The information provided with this analysis includes the individual datasets for the 11 metrics used in the analysis (data tables), the survey sites and study zones (data tables), and the resilience scores resulting from the analysis (data tables and maps).

Islands of Tutuila and Aunu'u, American Samoa

Lineage Statement:
The principal analytical task of this project was to calculate eleven metrics of "reef resilience" as identified by McClanahan et al. (2012). These metrics account for various aspects of the coral reef ecosystem, and are derived from several data streams, as described in the process steps.

Process Steps:

• The first task was to identify and define zones of interest, hereafter known as study zones. Eleven study zones were delineated for the present project. Four of these zones reflect broad geographic regions (i.e. Northeast, Northwest, Southeast, Southwest) that have been used to organize ecological surveys conducted by the ESD under the National Coral Reef Monitoring Program based on broadly similar habitat and exposure to wave and weather conditions. Several smaller zones of interest were then identified that had been the subject of focused survey effort by the ESD during previous projects, providing geographically dense data to evaluate the resilience potential for each individual zone: Taema Bank had suffered severe impacts due to predation on corals by crown-of-thorns seastars; Aunu‘u East, Aunu‘u West, Fagamalo, and Fagatele are marine protected areas (MPAs); and Faga‘alu Bay and Vatia Bay were the subject of previous studies by ESD on impacts of land-based sources of pollution (LBSP) (Vargas-Ángel and Schumacher In Review). (Citation: Vargas-Angel, B., B.D. Schumacher. (2018).
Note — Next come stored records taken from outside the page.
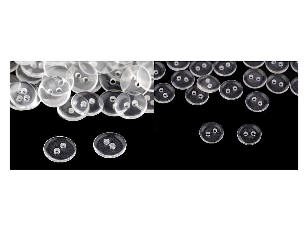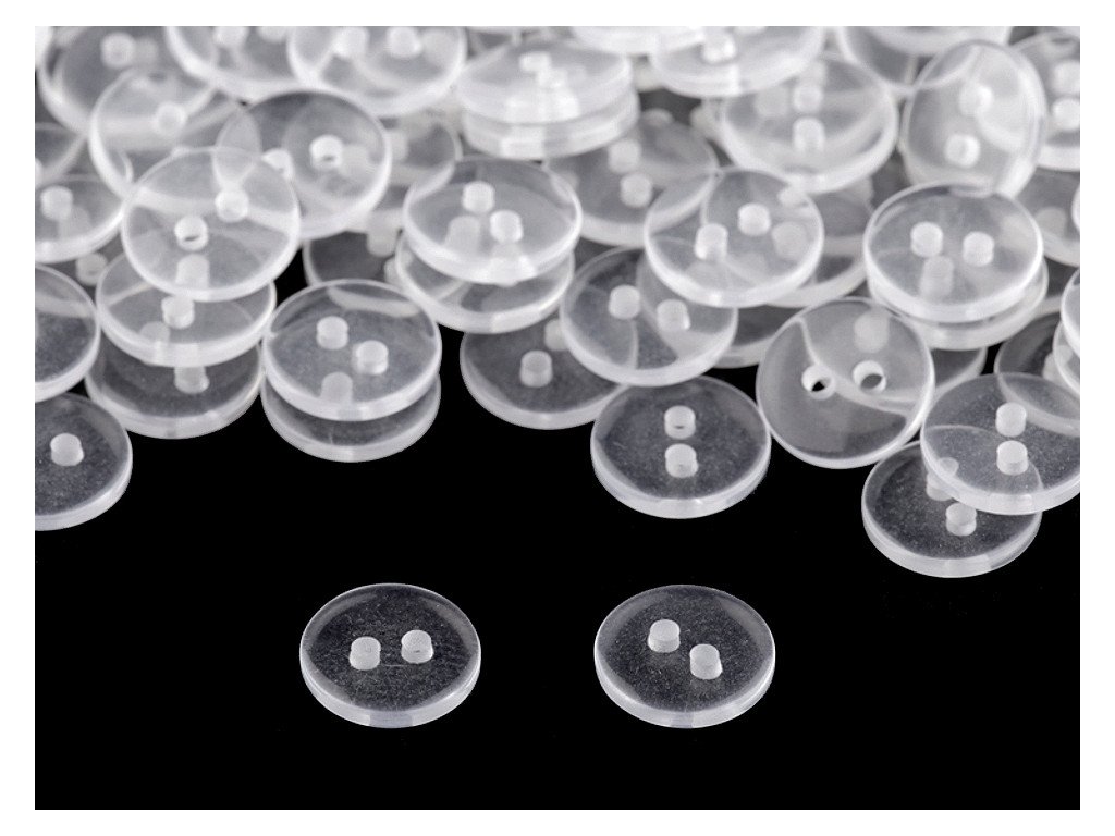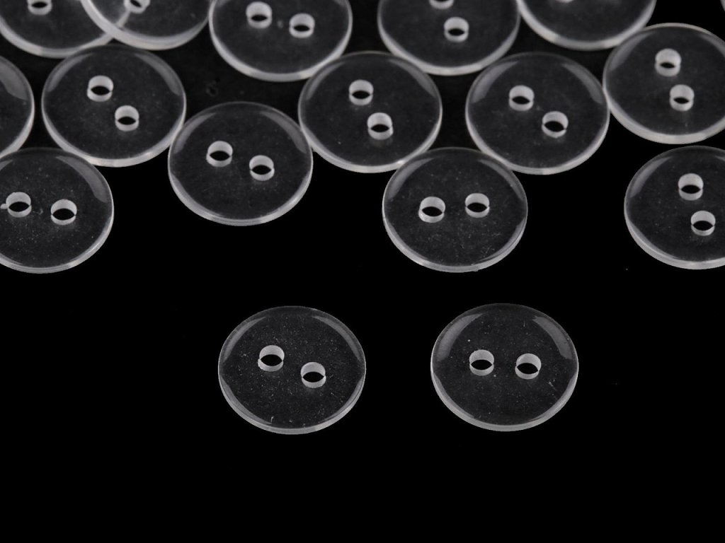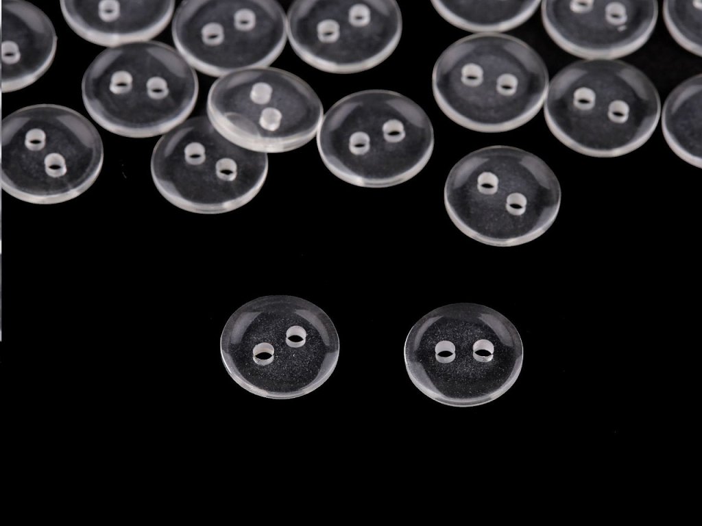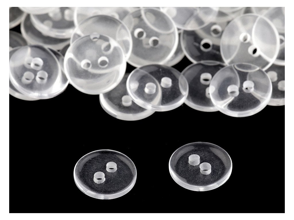 Transparentní dvoudírkové knoflíky jsou vhodné jako zapínání na košile, svetry, šaty i polštáře. Dají se použít také jako protikus. Mají kulatý tvar.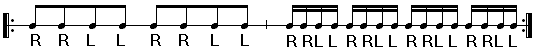 下面再跟大家介绍一些单击与双击技巧相结合的复合式打点(Paradiddle)的练习方法供大家参考练习。这一种的打击方式通常被使用于进行乐队(Marching Band)。较少被使用于古典的打击技巧。不过在有些时候还是可以运用上,特别是在打击一整组的综合乐器时可以很方便的运用此种手法。不过就我个人的观点里,此种练习方式是可以多方面兼顾的。不但可以练习好双击与单击的复合练习,在往后有机会使用Paradiddle的时候,也可以很快的上手适应。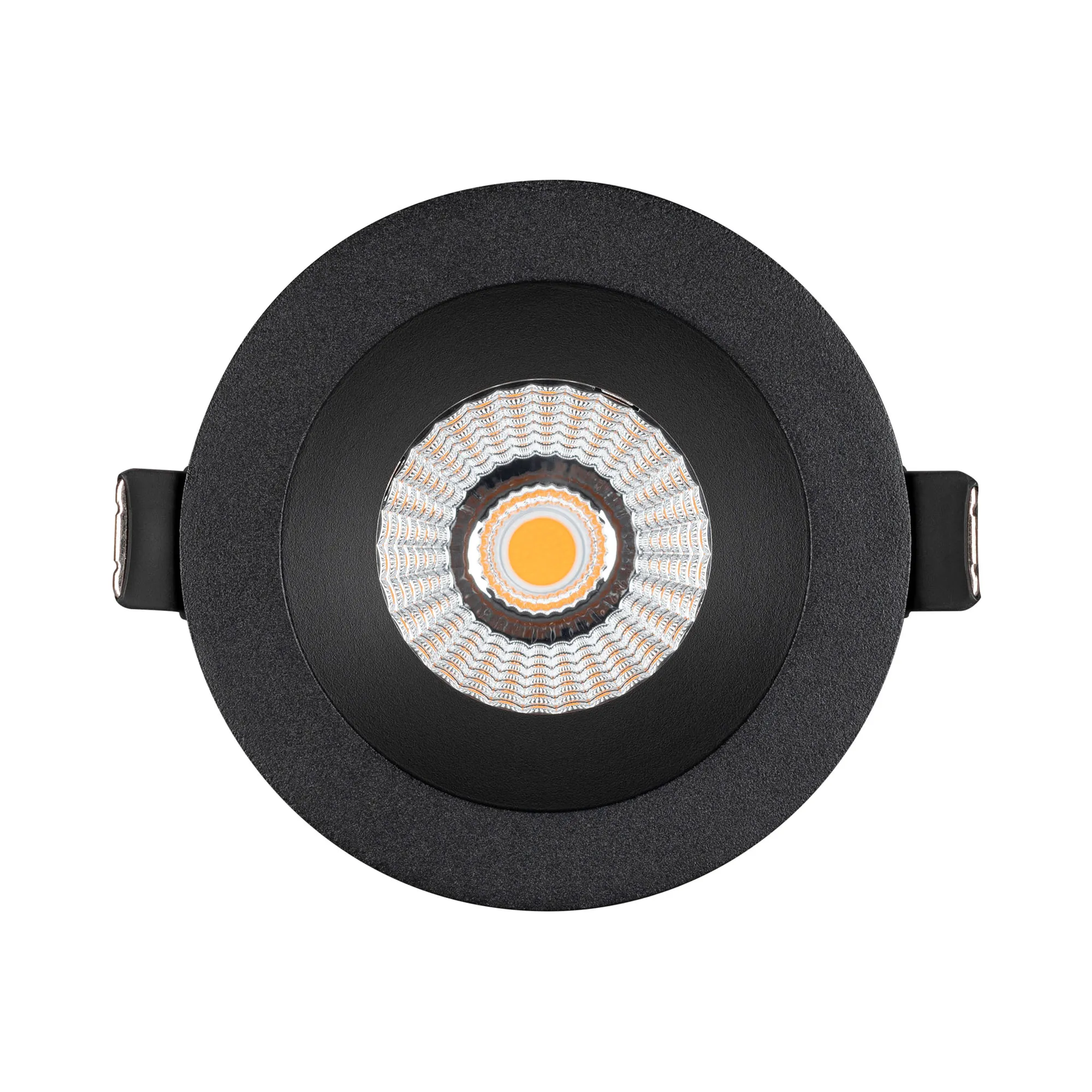 Встраиваемый светильник даунлайт. Мощность 10 Вт, св. поток 750 лм, 75 лм/Вт, тёплый 3000 K, CRI>90, угол 60°, напряжение питания 230 В. Чёрный круглый корпус из алюминия, экран PMMA, степень защиты IP54. Размер: диаметр 86 мм, высота 80 мм. Монтаж встраиваемый, установочное отверстие: диаметр 80 мм. Драйвер IP54, В, 20-40 В, 250 мА, пульсация <1%.

Baseline Surveys for Coral Reef Community Structure and Demographics in Vatia and Faga'alu Bay, American Samoa NOAA Pacific Islands Fisheries Science Center, PIFSC Special Publication, SP-18-002, 38 p.)
• The basis of the pollution metric is a watershed health index based on analysis of the American Samoa Environmental Protection Agency (Tuitele 2016). We used ArcGIS to combine this information by merging watersheds associated with each georegion and calculating a weighted mean WHI by area. (Citation: Tuitele C, et al. TERRITORY OF AMERICAN SAMOA INTEGRATED WATER QUALITY MONITORING AND ASSESSMENT REPORT 2016)
• The sedimentation metric is based on precipitation that falls on the watersheds associated with each georegion. A "precipitation index" was derived based on interpolated rainfall information from the NOAA National Weather Service (https://hdsc.nws.noaa.gov/hdsc/pfds/meta/na14_vol5_as_grid_metadata.xml). Rainfall was scaled by the coastline of each georegion.
• The herbivore biomass metric was derived from data from NOAA Ecosystem Sciences Division Rapid Ecological Assessment (REA) fish surveys. Mean herbivore biomass for each zone, as well as all subsequently described metrics based on data from REA surveys, were calculated based on a weighted average of reef area in three depth zones (0-6 meters, 6-18 meters, 18-30 meters). (Citation: Ayotte, P., K. McCoy, A. Heenan, I. Williams, and J. Zamzow. 2015. Coral reef ecosystem program standard operating procedures: data collection for rapid ecological assessment fish surveys. Pacific Islands Fish. Sci. Cent., Natl. Mar. Fish. Serv., NOAA, Honolulu, HI 96818-5007. Pacific Islands Fish. Sci. Cent. Admin. Rep. H-15-07, 33p. doi:10.7289/V5SN06ZT)
• The macroalgal cover metric was derived from analysis of digital images of the benthos (photoquadrats) from NOAA Ecosystem Sciences Division Rapid Ecological Assessment (REA) fish and coral surveys. (Citation: Lozada-Misa P, Schumacher BD, Vargas-Angel B. 2017. Analysis of benthic survey images via CoralNet : a summary of standard operating procedures and guidelines. Pacific Islands Fisheries Science Center, PIFSC Administrative Report, H-17-02, 169 p. https://doi.org/10.7289/V5/AR-PIFSC-H-17-02.)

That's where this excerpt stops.